На последней фразе она со всего размаху опустила швабру в ведро с мыльной пеной. Вода из ведра фонтаном полетела в стороны, на парадный смокинг опешившего гостя! А очаровательная ведьмочка с дырами на пятках невозмутимо раскланялась и удалилась, таща за собой по полу швабру с такой грацией, словно это был шлейф королевского платья…
Завальнюк улыбался. Она знала, как ему себя преподать, какую историю рассказать о себе: милая девочка-сорванец, такой она была, такой и осталась.
— Почему вы развелись с первым мужем? — спросил он.
Любовь печально округлила глаза… («Ах, это шампанское такое пьяное, от него развязывается язык, сейчас я, наверное, выгляжу просто ужасно!»)
— Бедный Рауль. — Вздохнув, она забралась с ногами на диван. — Я сломала ему карьеру. Он был старшим сыном посла Испании в Париже. В его семье все старшие сыновья шли по дипломатической линии, а младшие становились офицерами. В общем, Раулю прочили блестящее будущее, но он все забросил. Когда мы поженились, я хотела, чтобы он все время находился рядом. Я была эгоистична, но ведь мне было всего девятнадцать, откуда мне было знать, что нельзя требовать от мужа вечной преданности?.. Слава богу, у нас хватило ума понять, что мы совершенно не подходим друг другу, ему нужен другой тип женщины. Мы расстались и до сих пор сохраняем прекрасные отношения. Хотя, конечно, это труднее пережить, чем рассказать.
Ложь — это предложение с нерасставленными знаками препинания: «Действовать нельзя медлить!» Ложь — это правда, в которой смещены акценты: вместо «Действовать, нельзя медлить!» — «Действовать нельзя, медлить!». Любовь рассказала о себе правду. Чистую правду. Почти… Она не упомянула о том, что Рауль не оправдал не только надежд своего отца, потомка грандов, прежде всего он не оправдал ее собственных ожиданий, потому что оказался слабохарактерной амебой.

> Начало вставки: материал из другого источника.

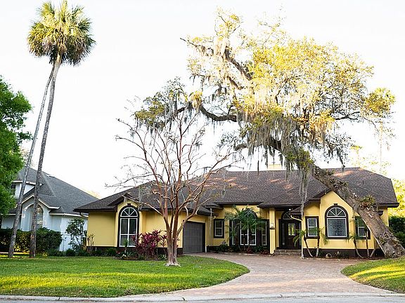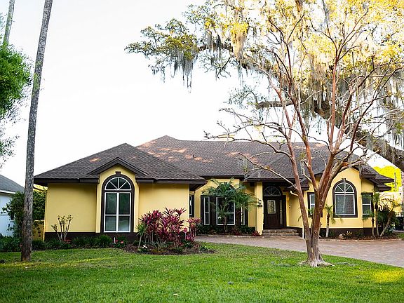 Gorgeous lakefront home on quiet cul-de-sac in Oceanwalk with community pool & private beach access. Custom built - one owner home with volume ceilings throughout. Lovely dining room with wood floor. Living room with fireplace & arched entry to fabulous family room & kitchen with island. Split bedrooms - 2 with Jack & Jill bath, guest suite with private bath, & Spacious master. Tile floors in foyer, living room, kitchen, & most of family room. Deck & patio & room to add a pool. Immaculate!

В дипкорпусе он кое-как держался на папиных плечах, и уж никакая дипломатическая карьера точно ему не светила. Как только Любовь это поняла, она немедленно с ним рассталась. Не для того она подцепила наследника древних аристократов, чтобы оказаться у разбитого корыта где-нибудь на Каймановых островах. Рауль в конце концов именно там и оказался. Живет с какой-то юбкой, счастлив по уши, ловит рыбу, пишет маслом пейзажи. И это потомок конкистадоров! Инфузория…
Но об этом не стоит упоминать вслух, неправда ли?
Завальнюк внимательно слушал ее, не забывая подливать шампанское. Два часа пролетели незаметно. Приземлились в Орли.
— Можно, я угадаю, где мы? — как ребенок, замерший с закрытыми глазами над коробкой с рождественским подарком, спросила Любовь.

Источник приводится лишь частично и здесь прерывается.